**INSTRUCTIONS FOR THE TASK:**
In the data below, find the line with "The en-suite bathroom" and the line with "Vintage Y2K grey", then restate both and every line between them exactly, minus the pictures.

**DATA:**
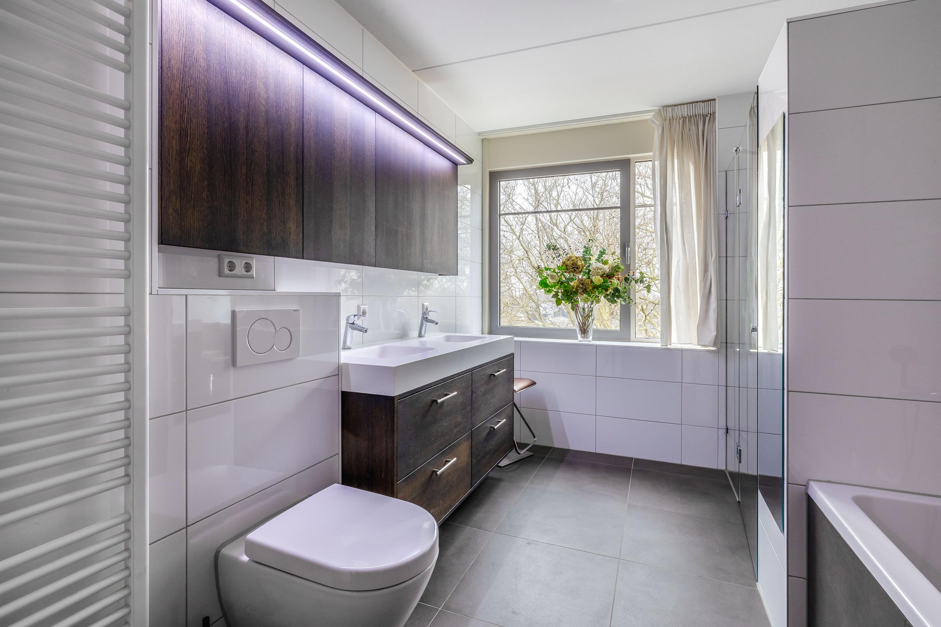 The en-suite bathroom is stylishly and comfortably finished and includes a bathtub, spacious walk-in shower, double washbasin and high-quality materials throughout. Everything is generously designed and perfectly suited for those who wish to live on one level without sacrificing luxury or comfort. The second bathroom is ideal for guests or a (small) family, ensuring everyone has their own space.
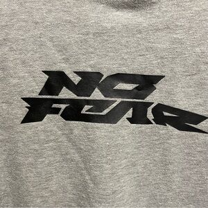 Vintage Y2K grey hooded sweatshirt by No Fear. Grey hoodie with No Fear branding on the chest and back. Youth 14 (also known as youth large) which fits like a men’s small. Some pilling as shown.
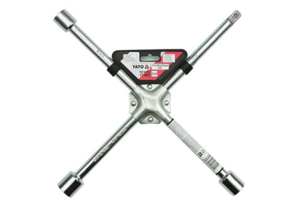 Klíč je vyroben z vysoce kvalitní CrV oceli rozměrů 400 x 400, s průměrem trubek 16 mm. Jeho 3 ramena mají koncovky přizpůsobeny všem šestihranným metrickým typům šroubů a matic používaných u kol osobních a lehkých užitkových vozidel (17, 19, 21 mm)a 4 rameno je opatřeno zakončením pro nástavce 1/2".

==

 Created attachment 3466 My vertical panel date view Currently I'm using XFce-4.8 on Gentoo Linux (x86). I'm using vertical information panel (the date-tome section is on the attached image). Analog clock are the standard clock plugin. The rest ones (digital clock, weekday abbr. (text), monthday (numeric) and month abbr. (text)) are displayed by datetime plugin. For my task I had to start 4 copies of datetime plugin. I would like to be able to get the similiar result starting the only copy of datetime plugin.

* * *

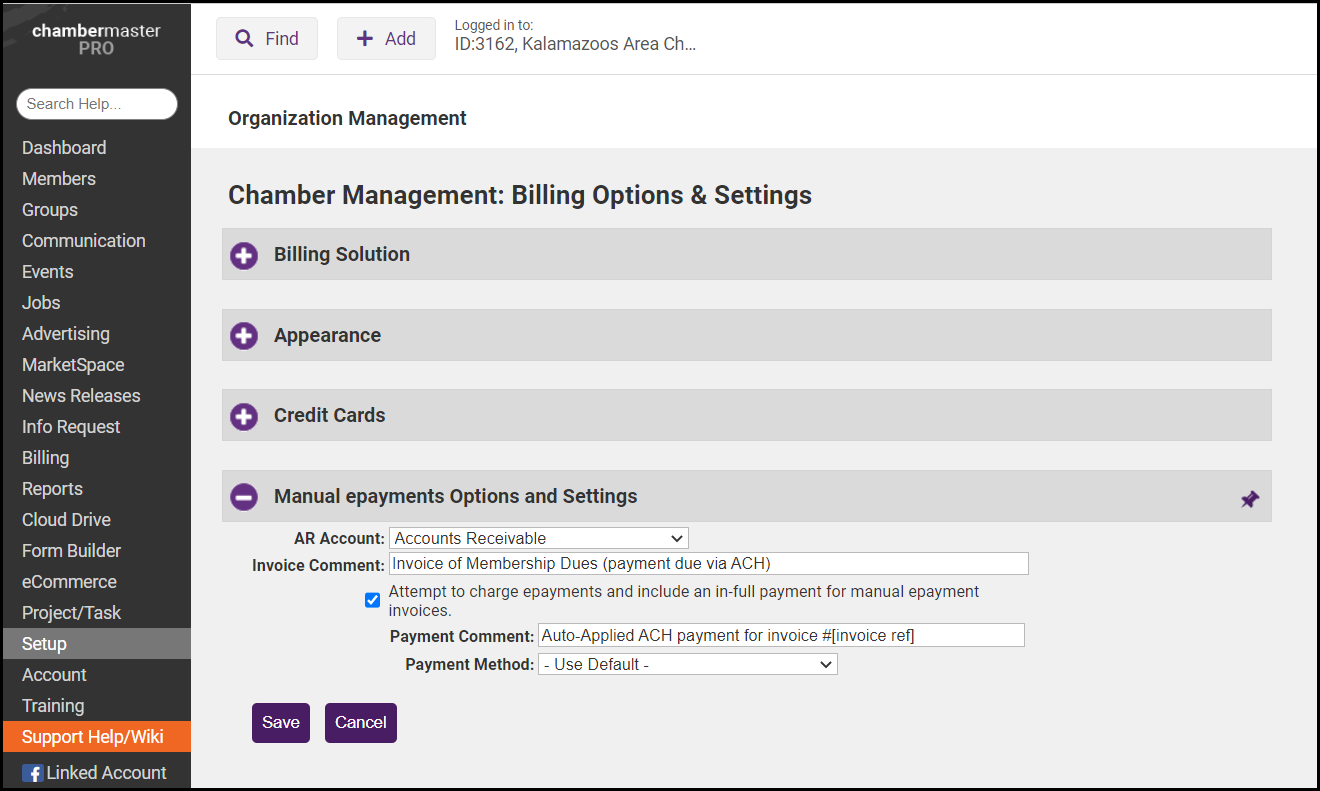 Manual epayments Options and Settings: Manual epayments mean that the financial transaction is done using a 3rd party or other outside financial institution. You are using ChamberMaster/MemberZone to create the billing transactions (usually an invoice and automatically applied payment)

**EXPECTED ANSWER:**
 The en-suite bathroom is stylishly and comfortably finished and includes a bathtub, spacious walk-in shower, double washbasin and high-quality materials throughout. Everything is generously designed and perfectly suited for those who wish to live on one level without sacrificing luxury or comfort. The second bathroom is ideal for guests or a (small) family, ensuring everyone has their own space.
 Vintage Y2K grey hooded sweatshirt by No Fear. Grey hoodie with No Fear branding on the chest and back. Youth 14 (also known as youth large) which fits like a men’s small. Some pilling as shown.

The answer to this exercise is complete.